SYNOPSIS : Holly semble tout avoir pour être heureuse: 2 enfants, une maison bourgeoise, son travail de professeur et  un mari sur le point de décrocher la promotion espérée.  Pourtant, tout est sur le point de s’effondrer…

Regarde ces femmes tomber: ce titre, paraphrasant celui du film de Jacques Audiard, pourrait être celui d’un essai consacré aux films ayant mis en scène des personnages féminins sur le point de basculer au bout d’un parcours de vie qui ne les aura parfois pas ménagés et qui aura en tout cas mis à jour leur extrême fragilité. Carol (Safe, 1995), Mabel (Une femme sous influence, 1974), Krisha (Krisha, 2015), Sue (Sue perdue dans Manhattan, 1997), Lou (Portrait d’un enfant déchu, 1970) pour ne citer qu’elles, sont de ces personnages qui vous accompagnent toute une vie, avec lesquels se crée un lien quasi immédiat et viscéral qui dépasse le seul temps d’une séance. Un tel sujet ne supporte pas la médiocrité, encore moins la vanité et révèle probablement plus que tout autre, la sensibilité et le talent du metteur en scène qui aura la charge de nous faire ressentir ce qui traverse ces femmes au bord du précipice. Nous en avons eu un exemple très récent avec Carlo Mirabella Davis (Swallow) qui s’est pris les pieds dans le tapis avec un récit totalement filtré par ses partis pris formels et une surenchère aussi ridicule qu’exaspérante, faisant de son personnage un simple pantin au service de sa vanité. Ceci étant, il suffit de se rappeler de la critique au vitriol de Pauline Kael à propos d’Une femme sous influence (à laquelle Charlie Kaufman fait un savoureux clin d’œil dans Je Veux Juste En Finir) pour se rendre compte que ce type de récit ne laisse pas indifférent et peut nous conduire, selon notre sensibilité, à rendre une sentence définitive, finalement peu objective. Pour le coup, le premier long métrage de Dean Kapsalis ne risque pas de laisser indifférent en ce qu’il ne prend pas de gants pour se confronter au sujet de la dégradation mentale de cette mère sur le point de tomber.

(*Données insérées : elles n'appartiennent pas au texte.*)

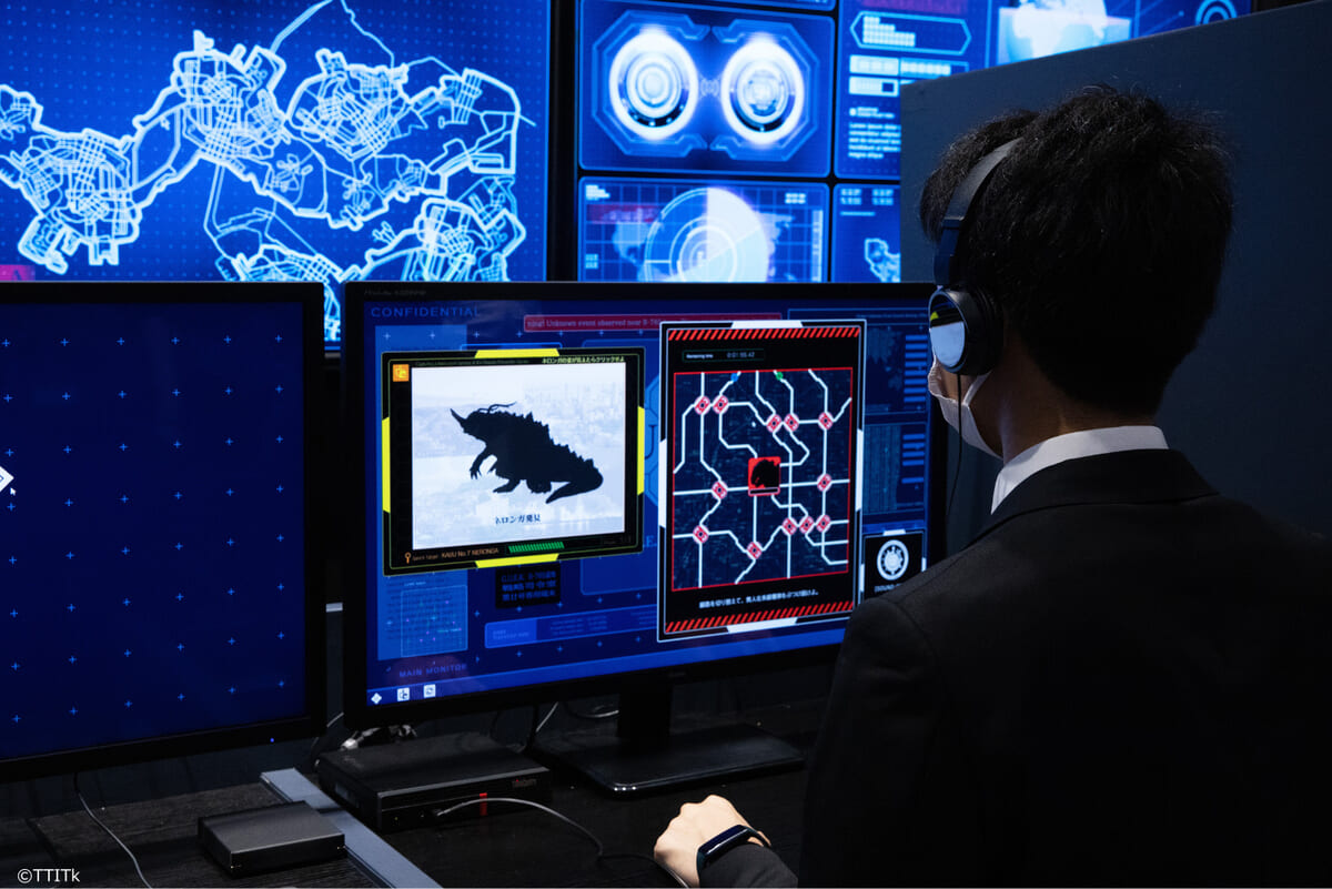 「禍威獣第8号撃退作戦」は「禍特対」の新人分析官となって、突如現れた「禍威獣」の脅威に立ち向かう体験型謎解きアトラクション。

Il le fait de façon frontale, son propos étant moins d’expliquer et rationaliser que de faire ressentir le mal qui ronge Holly (Azura Skye). Il n’y perd toutefois ni en subtilité ni en pertinence y compris quand il s’aventure avec beaucoup d’habilité aux frontières du cinéma de genre, passant du drame au thriller horrifique en exploitant tout ce que cela peut apporter pour rendre encore plus viscérales ces quelques 110 minutes dans la vie d’Holly.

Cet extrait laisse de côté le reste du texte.